» Data section:
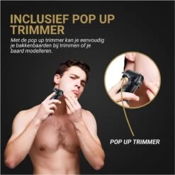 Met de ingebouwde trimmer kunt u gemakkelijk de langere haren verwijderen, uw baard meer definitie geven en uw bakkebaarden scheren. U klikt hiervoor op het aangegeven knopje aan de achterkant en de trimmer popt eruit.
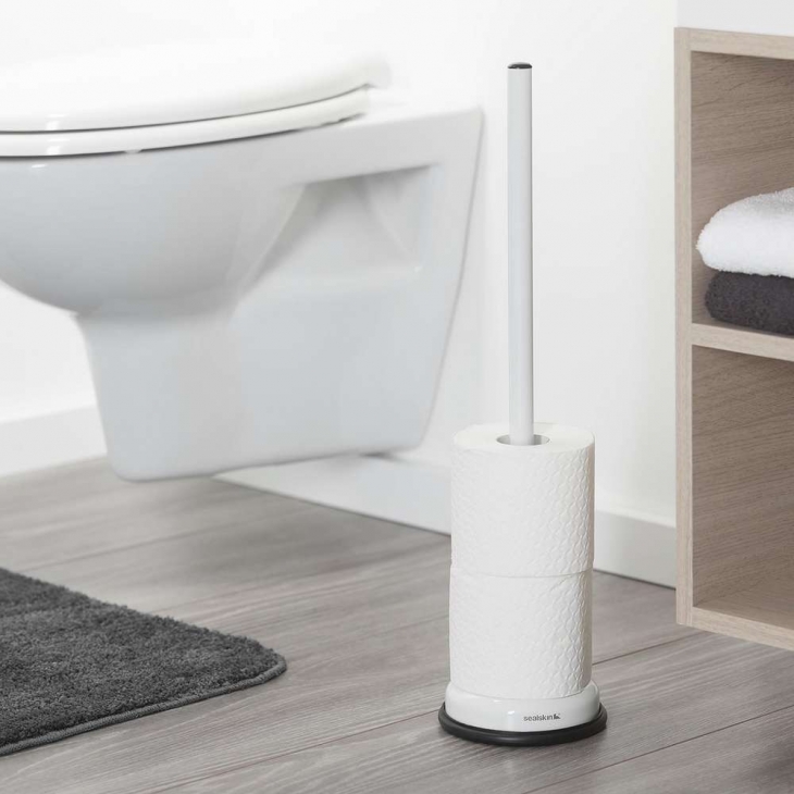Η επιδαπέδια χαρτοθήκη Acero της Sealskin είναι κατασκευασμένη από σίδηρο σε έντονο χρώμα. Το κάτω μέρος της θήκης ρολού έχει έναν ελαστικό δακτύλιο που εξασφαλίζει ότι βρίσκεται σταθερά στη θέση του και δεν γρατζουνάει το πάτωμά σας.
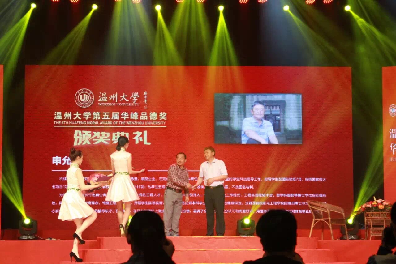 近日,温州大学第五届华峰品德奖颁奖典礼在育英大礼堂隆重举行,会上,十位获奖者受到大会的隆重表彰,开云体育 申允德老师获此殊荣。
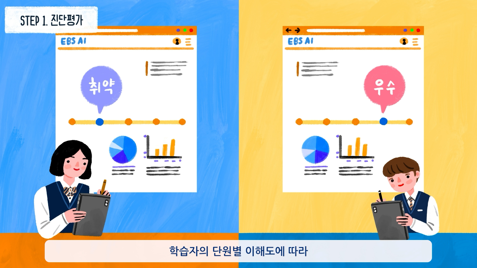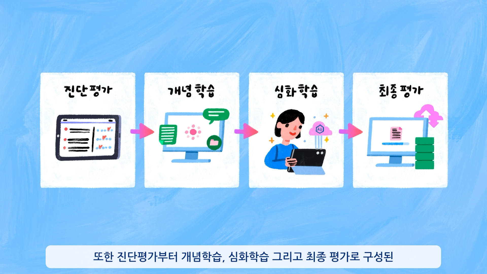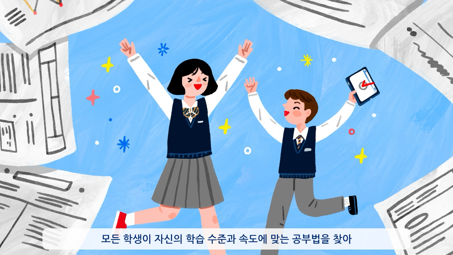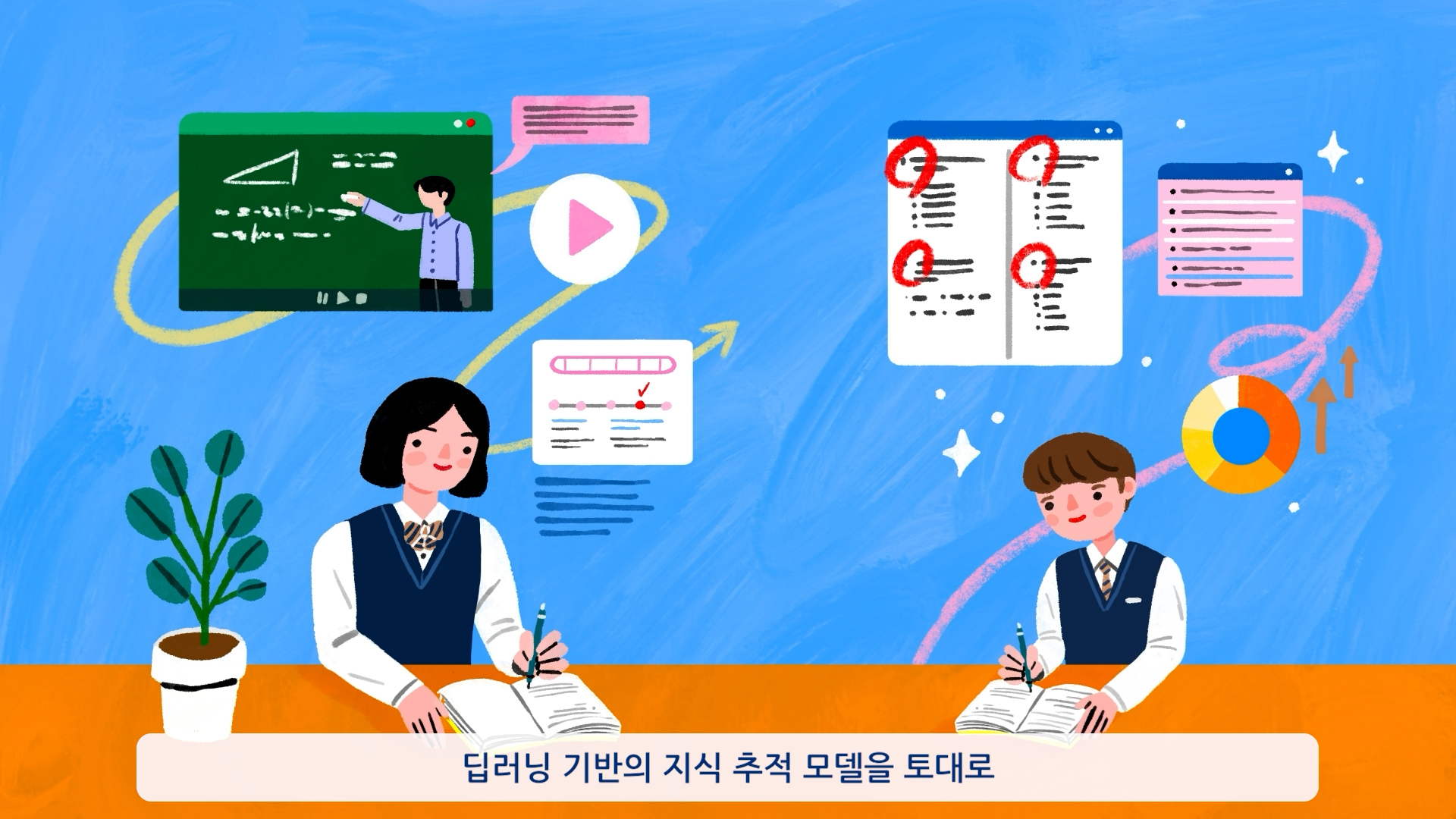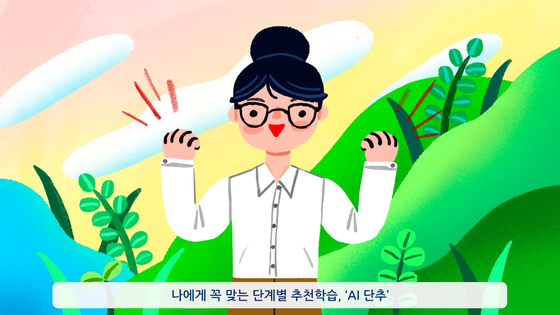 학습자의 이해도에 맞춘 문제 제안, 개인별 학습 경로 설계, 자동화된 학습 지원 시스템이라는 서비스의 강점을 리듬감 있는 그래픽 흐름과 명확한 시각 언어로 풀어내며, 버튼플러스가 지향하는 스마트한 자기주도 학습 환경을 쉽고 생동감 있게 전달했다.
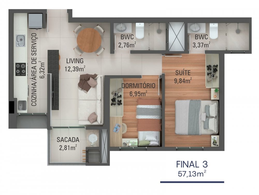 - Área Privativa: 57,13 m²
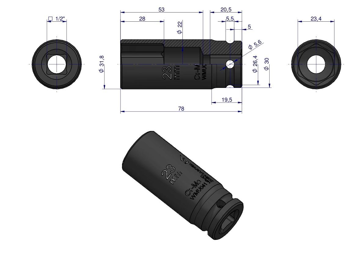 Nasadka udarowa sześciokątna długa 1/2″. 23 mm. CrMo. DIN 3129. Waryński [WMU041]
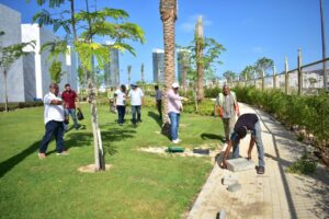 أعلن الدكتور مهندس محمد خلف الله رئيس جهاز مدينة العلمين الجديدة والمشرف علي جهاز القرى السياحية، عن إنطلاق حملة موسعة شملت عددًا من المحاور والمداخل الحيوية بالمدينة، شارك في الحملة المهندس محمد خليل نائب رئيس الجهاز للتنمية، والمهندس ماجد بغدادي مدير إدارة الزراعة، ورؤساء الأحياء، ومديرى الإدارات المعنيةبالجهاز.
---
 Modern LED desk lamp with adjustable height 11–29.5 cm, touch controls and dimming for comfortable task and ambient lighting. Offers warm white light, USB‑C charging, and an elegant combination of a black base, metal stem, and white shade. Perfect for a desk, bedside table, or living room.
==
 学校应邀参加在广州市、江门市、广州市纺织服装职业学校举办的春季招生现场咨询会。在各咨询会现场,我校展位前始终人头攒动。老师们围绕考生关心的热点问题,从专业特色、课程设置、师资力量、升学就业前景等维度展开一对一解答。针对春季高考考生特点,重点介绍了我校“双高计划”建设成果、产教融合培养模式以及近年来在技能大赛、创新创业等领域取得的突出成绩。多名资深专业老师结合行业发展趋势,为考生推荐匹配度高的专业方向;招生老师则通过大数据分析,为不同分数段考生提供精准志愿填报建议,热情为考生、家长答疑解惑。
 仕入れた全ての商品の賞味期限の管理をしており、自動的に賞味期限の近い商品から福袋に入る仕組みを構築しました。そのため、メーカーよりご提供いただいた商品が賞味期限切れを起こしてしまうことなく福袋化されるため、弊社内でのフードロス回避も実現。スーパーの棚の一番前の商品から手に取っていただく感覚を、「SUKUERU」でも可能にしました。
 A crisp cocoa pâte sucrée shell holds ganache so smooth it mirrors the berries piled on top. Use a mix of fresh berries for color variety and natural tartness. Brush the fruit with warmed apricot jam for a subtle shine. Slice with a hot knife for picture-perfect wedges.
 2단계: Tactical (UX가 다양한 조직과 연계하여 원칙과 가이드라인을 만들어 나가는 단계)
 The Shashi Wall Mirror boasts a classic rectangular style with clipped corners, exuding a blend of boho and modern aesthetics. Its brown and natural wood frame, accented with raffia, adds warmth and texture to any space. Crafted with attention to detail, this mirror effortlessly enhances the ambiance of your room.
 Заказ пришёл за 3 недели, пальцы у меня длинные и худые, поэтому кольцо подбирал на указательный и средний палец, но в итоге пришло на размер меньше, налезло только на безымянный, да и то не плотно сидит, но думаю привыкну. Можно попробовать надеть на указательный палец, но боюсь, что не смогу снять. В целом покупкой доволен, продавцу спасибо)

» Task goal: Which lines in the data above contain "natural"? Show each one.

» Answer for this exercise:
 A crisp cocoa pâte sucrée shell holds ganache so smooth it mirrors the berries piled on top. Use a mix of fresh berries for color variety and natural tartness. Brush the fruit with warmed apricot jam for a subtle shine. Slice with a hot knife for picture-perfect wedges.
 The Shashi Wall Mirror boasts a classic rectangular style with clipped corners, exuding a blend of boho and modern aesthetics. Its brown and natural wood frame, accented with raffia, adds warmth and texture to any space. Crafted with attention to detail, this mirror effortlessly enhances the ambiance of your room.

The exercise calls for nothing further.